Because the data may be used by different instances of a program, we also have to take into consideration that the applications may be in different versions or written using different languages. What is worse, the data representation also must be subject to versioning. In such a case, there is a problem of data compatibility between independent instances of the program. So the question arises whether the data serialized by one version of the program is used by another version of the program run as a different instance.

Another very popular applicability domain of streams may be the use of to implement interoperability between instances of various programs that are created using different technologREADMESerialization and implemented on different platforms. Then there is also the issue of technological compatibility. Also in this case, it must be taken into consideration that classes (types) that were created in one technology cannot necessarily be directly used in another technology.
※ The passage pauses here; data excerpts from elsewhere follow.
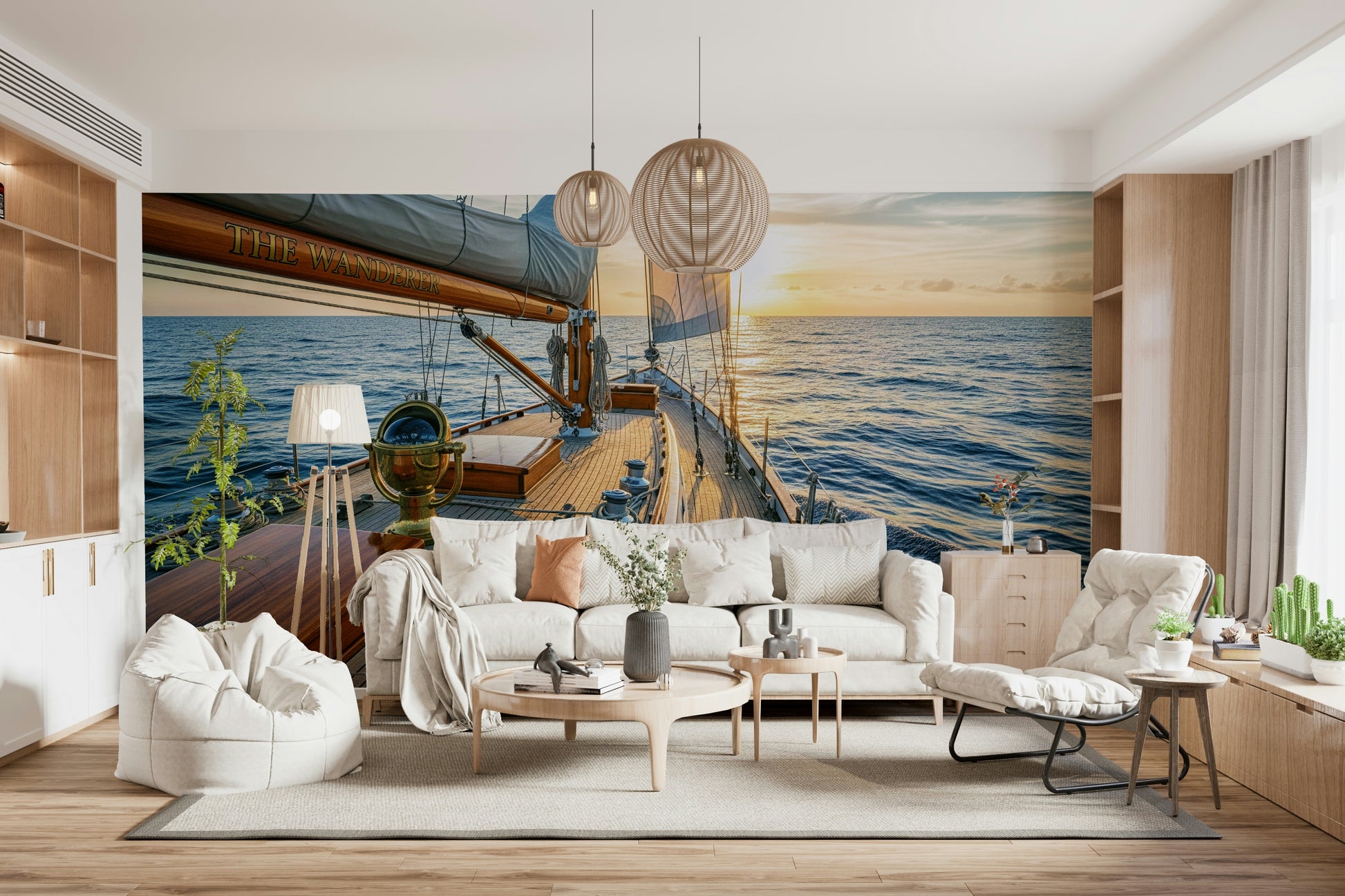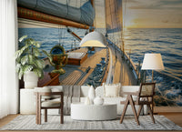 Imagine the endless horizon with this captivating wallpaper for walls. The deck of a sailboat is the focal point, leading your eye to the meeting of sea and sky at sunset. The craftsmanship of the wooden deck, combined with the gleaming brass details, creates a feeling of luxury and adventure. Use this design to infuse your bedroom, living room or even a hallway with a serene, nautical vibe that enhances the interior space with a blend of comfort and maritime charm.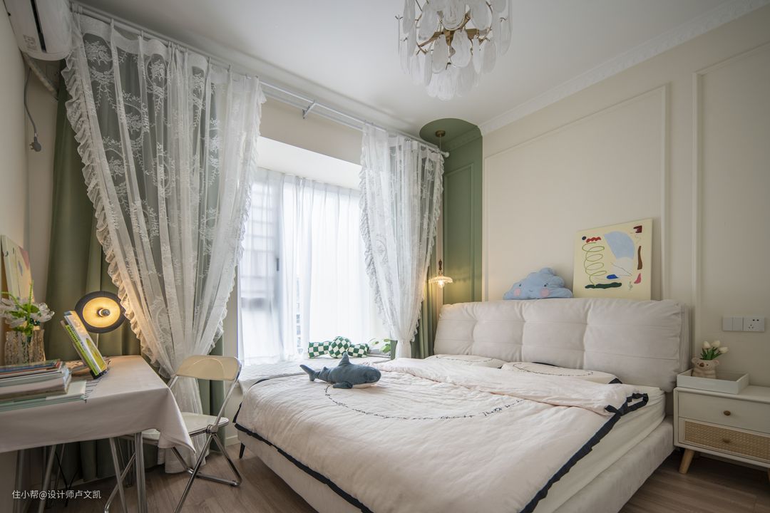 主卧床选择了1.5米无边框软包床,柔软舒适。床头的一抹绿色与窗帘,还有客厅的小花架一样(因为小花架是屋主用剩余的墙面乳胶漆自行涂刷的)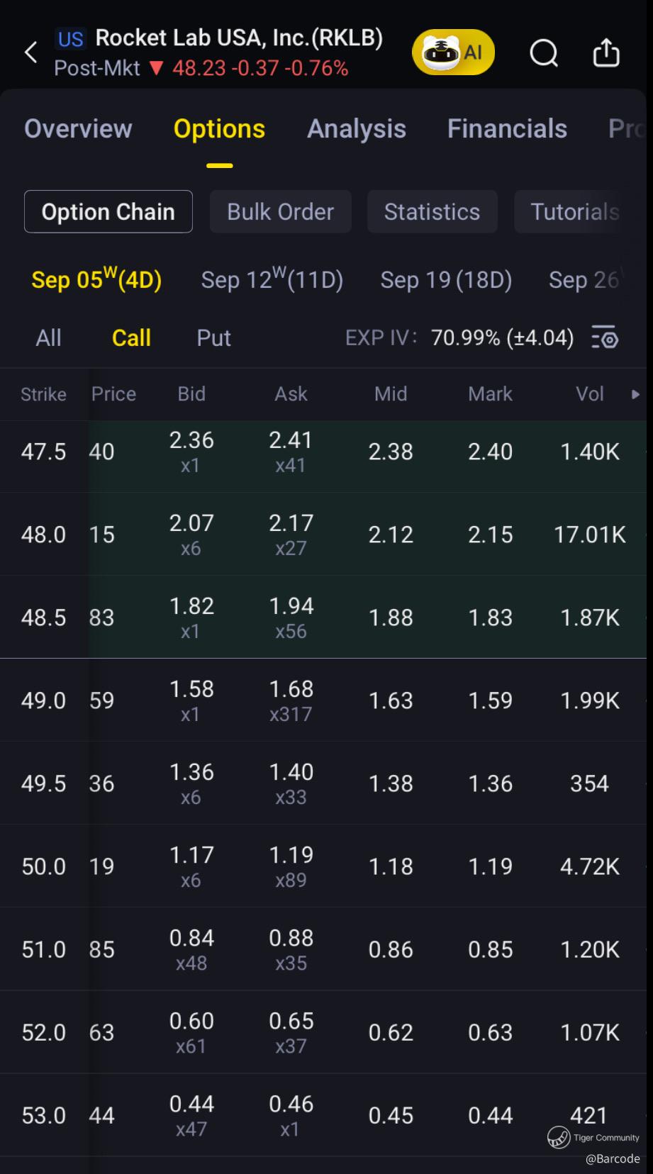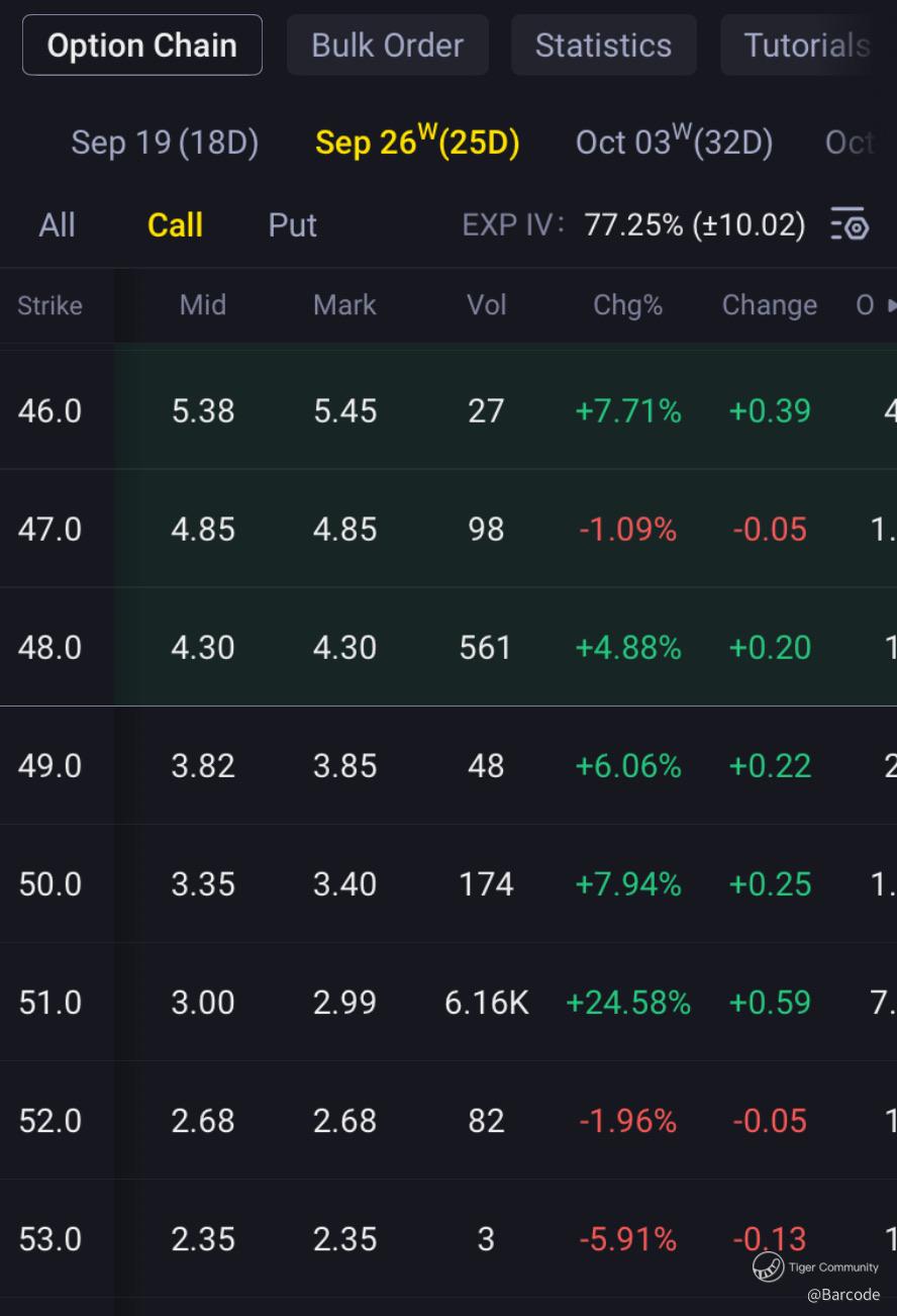 β’ Options: $48C volume 17K; $51C Sep 26W volume 6.16K (+24.6%).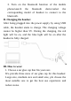 . Turn on the bluetooth function of the mobile phone/search the bluetooth device/select the corresponding model of headset to connect to the bluetooth. II. Charging the headset After being plugged into the power supply by using USB cable, the headset starts to charge. The charging voltage cannot be higher than 5V. During the charging, the red light will be on, and the blue light will be on after the headset is fully charged. III. How to wear 1.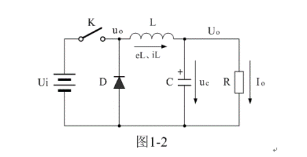 圖1-2是在圖1-1-a電路的基礎上,增加了一個整流二極管和一個LC濾波電路。其中L是儲能濾波電感,它的作用是在控制開關K接通期間Ton限制大電流通過,防止輸入電壓Ui直接加到負載R上,對負載R進行電壓沖擊,同時對流過電感的電流iL轉化成磁能進行能量存儲,然后在控制開關K關斷期間Toff把磁能轉化成電流iL繼續向負載R提供能量輸出;C是儲能濾波電容,它的作用是在控制開關K接通期間Ton把流過儲能電感L的部分電流轉化成電荷進行存儲,然后在控制開關K關斷期間Toff把電荷轉化成電流繼續向負載R提供能量輸出;D是整流二極管,主要功能是續流作用,故稱它為續流二極管,其作用是在控制開關關斷期間Toff,給儲能濾波電感L釋放能量提供電流通路。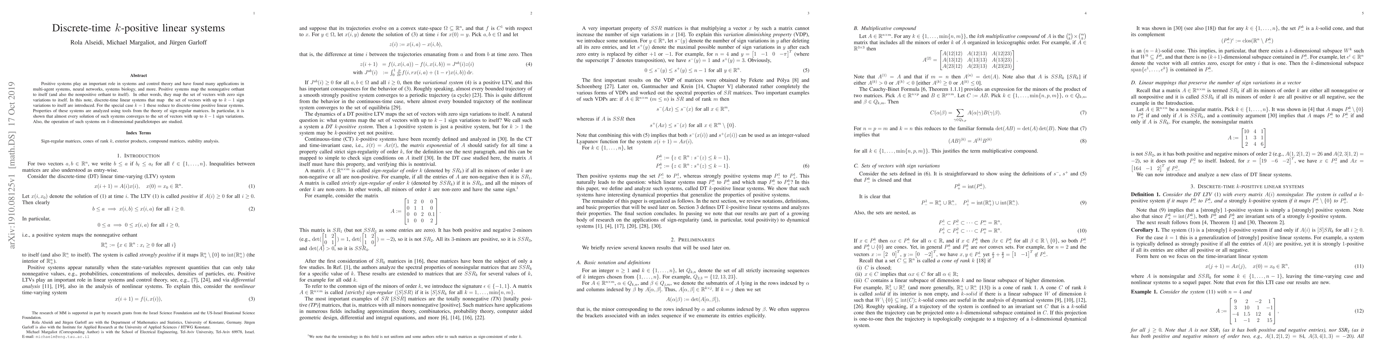 The research focuses on discrete-time k-positive linear systems, analyzing properties using tools from sign-regular matrices.
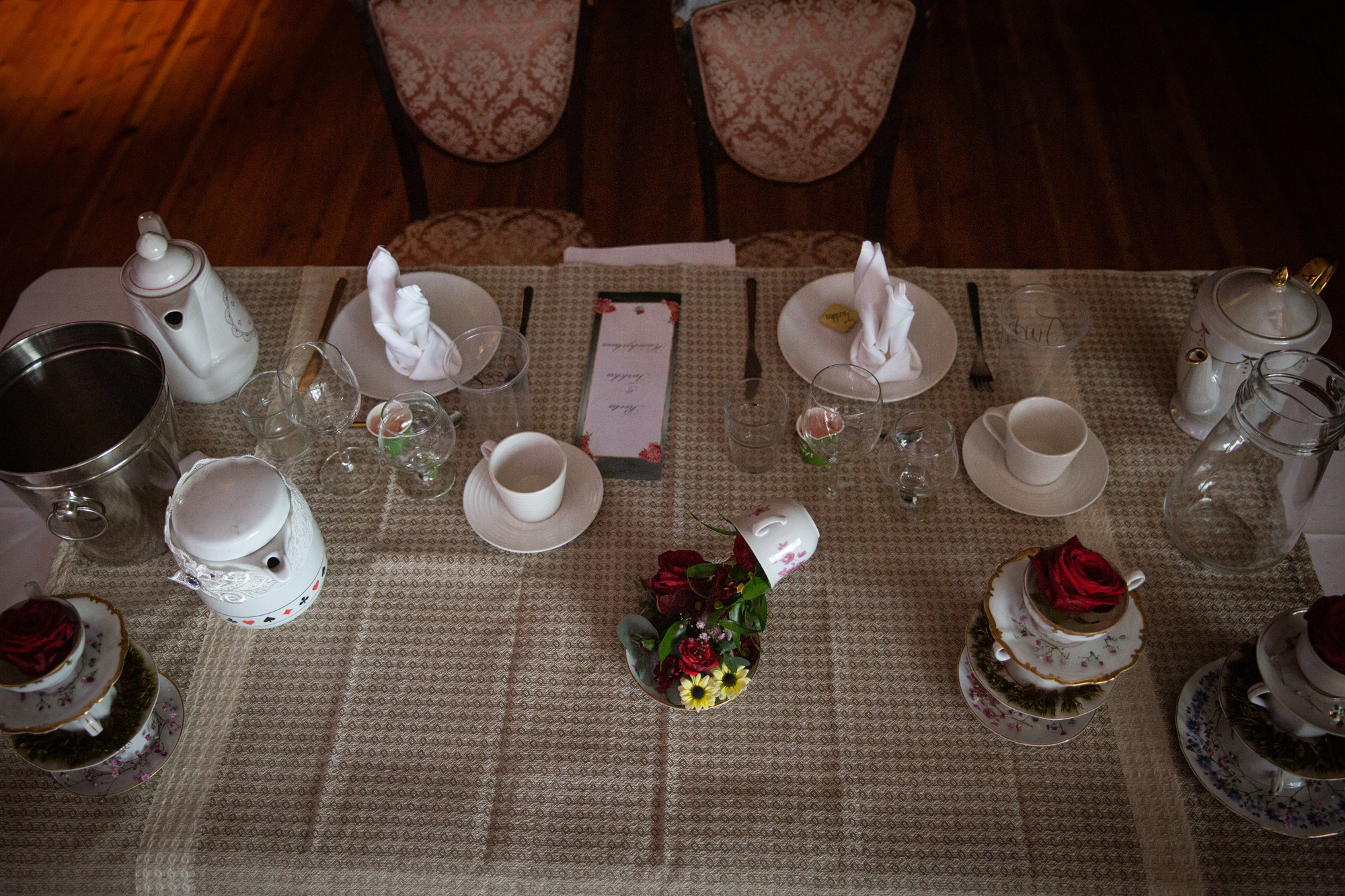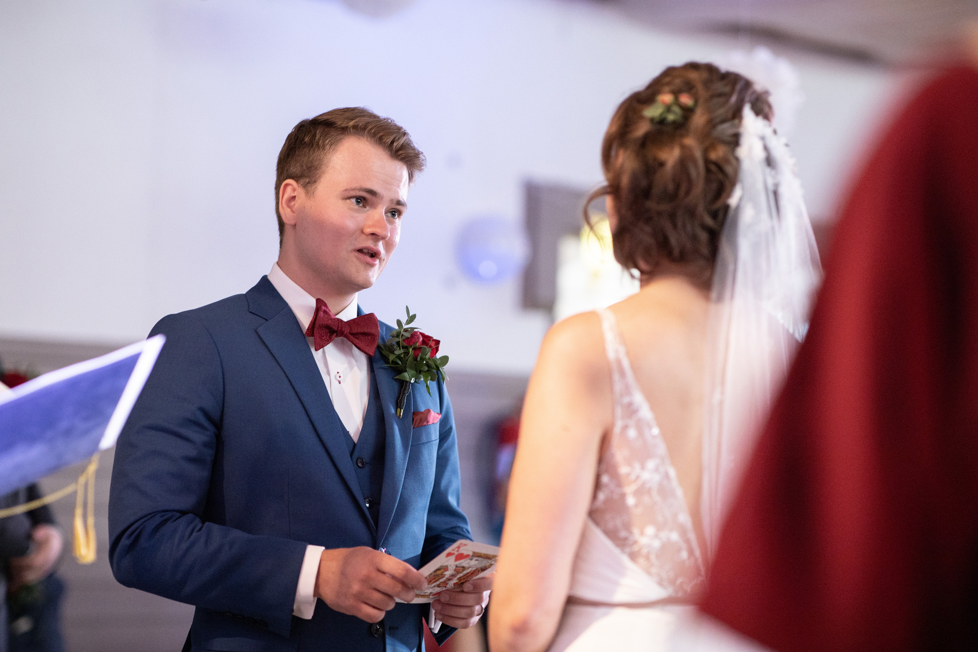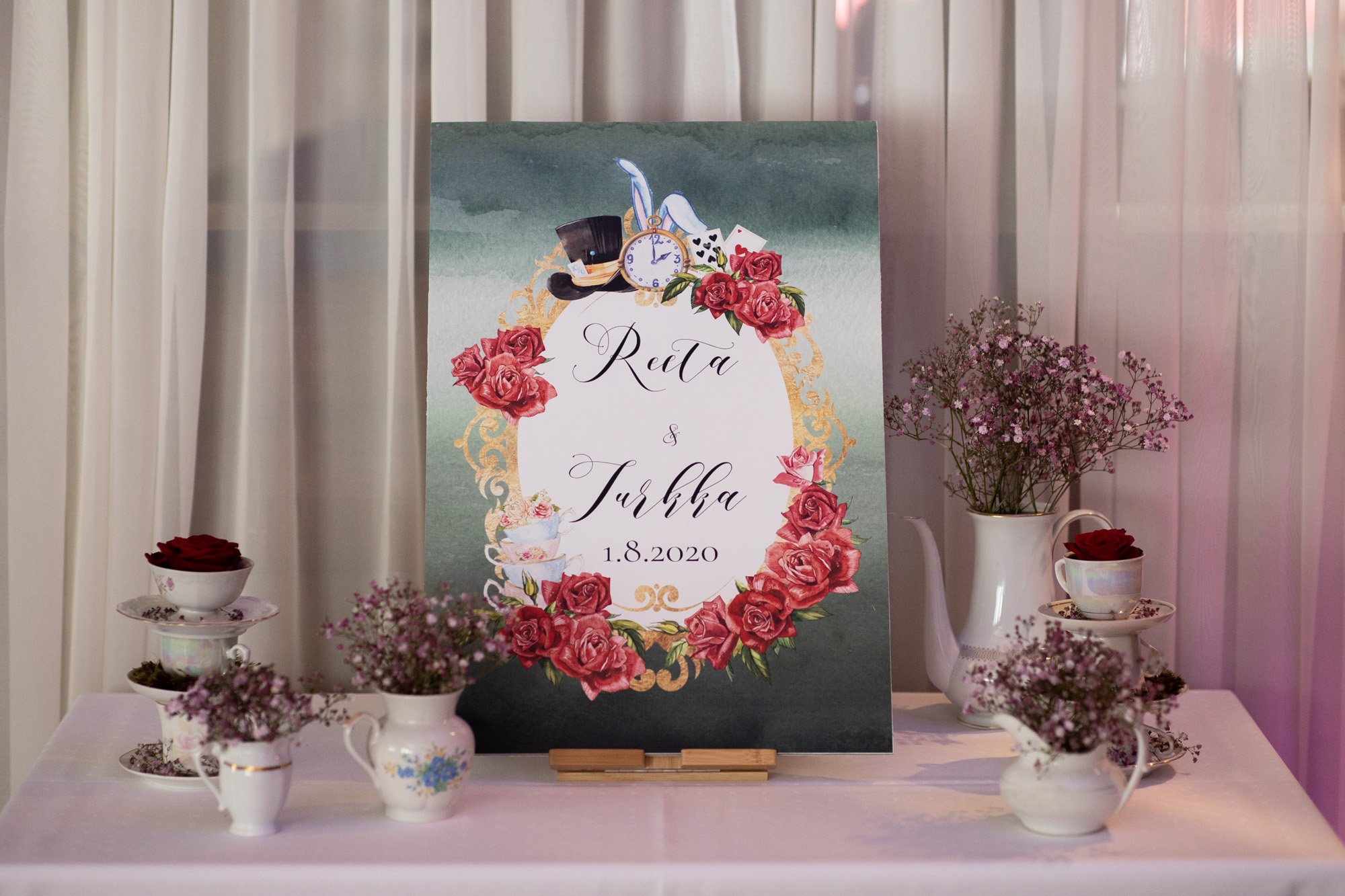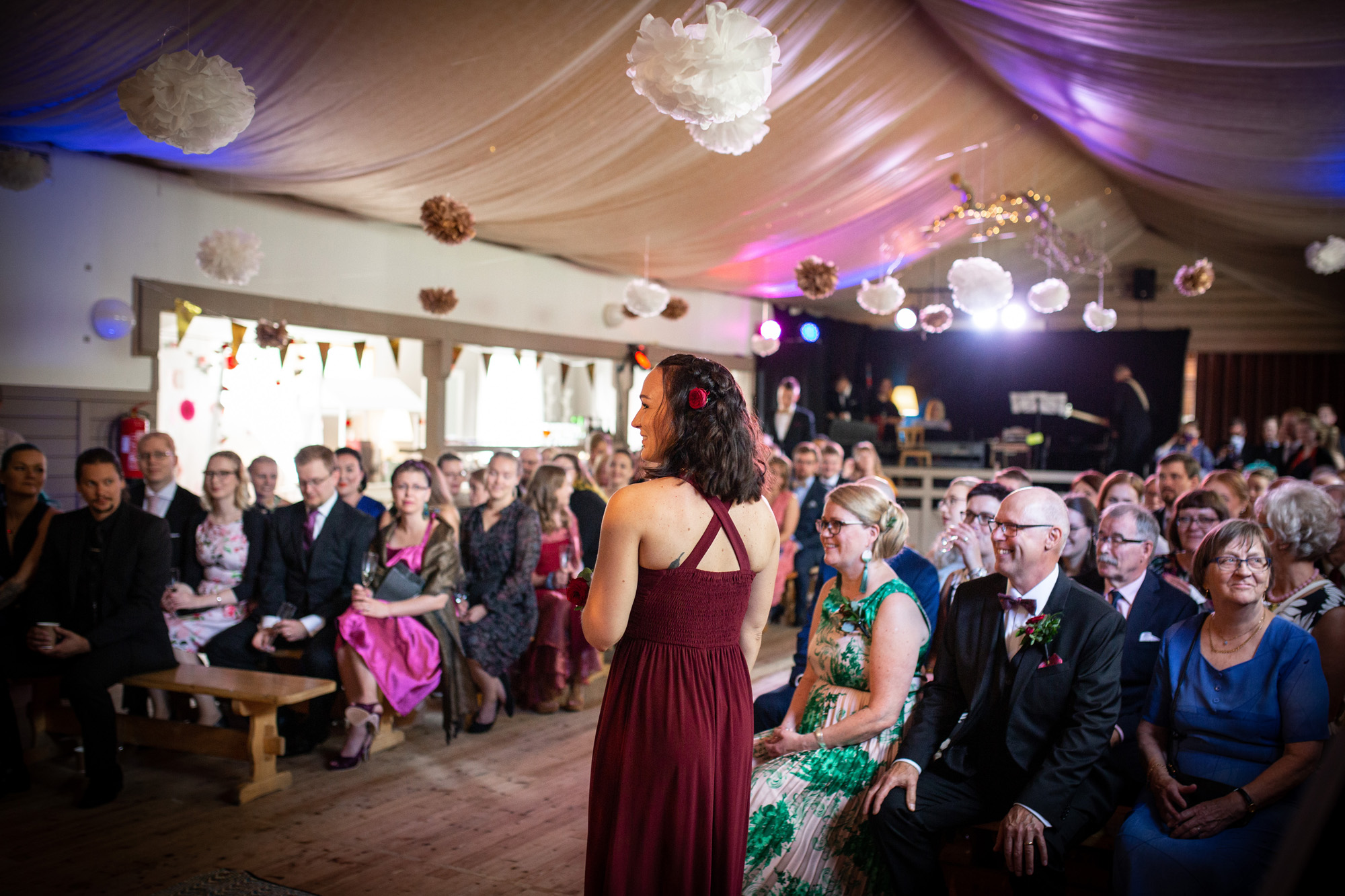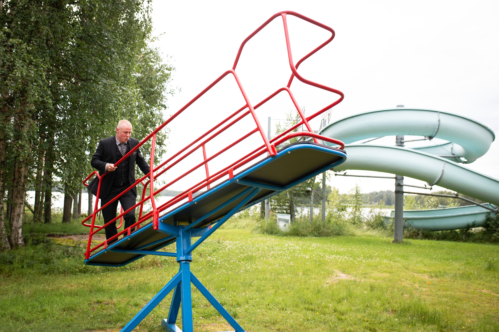 Reetan ja Turkan kuvauksen aloitimme firstlookilla potrettikuvauspaikaksemme valikoituneella Ounasvaaralla. Tykkään kuvata potretit rauhassa ennen vihkimistä, jolloin vihkimisen jälkeen pari voi keskityä juhlimiseen. Firstlookin kuvaamisella ennen potrettikuvausta saa ihanasti taltoitua ne tunteet ja pienetkin eleet, kun pari näkee toisensa ensimmäisen kerran hääpäivänä. Toki pieniä kuvaussessioita voidaan järjestää myös kesken hääjuhlan, mutta suurin osa potreteista on mukava kuvata ilman kiirettä kun paikalla on vain hääpari ja mahdolliset assarit. Metsäinen maisema oli Reetalle ja Turkalle mieleinen ja lisäksi he toivoivat potretteja kuvattavan myös dronella. Tähän tarkoitukseen sopi mainiosti Ounasvaaran kalliot, jotka tarjoavat maanläheisen, rosoisen taustan nostaen parin upeasti esiin. Jonkin aikaa odotimme juuri sopivaa valoa, jotta aurinko kurkisti hieman pilvenreunan takaa. Lopputulos on nähtävillä gallerian viimeisenä ruutuna. Kuvasimme myös muita versioita, mutta tässä drammaattisen romanttisessa kuvassa kallioilla oli mielestämme sitä jotakin. Vihkiminen ja hääjuhla järjestettiin Palojärven lomakeskuksella, jossa kuvasin juhlan tunnelmia iltaan saakka.

In this case, we must take into account that in another technology the same information will be represented differently.

If schema definition is expressed in a widely accepted format it should be possible to generate types in selected programming language based on this schema. Of course, it is a chicken and egg problem namely, should we first create types in the selected programming language, or should we create these types in the schema and then create classes based on the schema definition? But let's try to see how this can be achieved using an example.

Conclusion

Part 1 covers a description of the following concepts presentation, validation, standardization. Examples illustrating how to implement them are collected in a GitHub repository and described by a separate document Data Streams.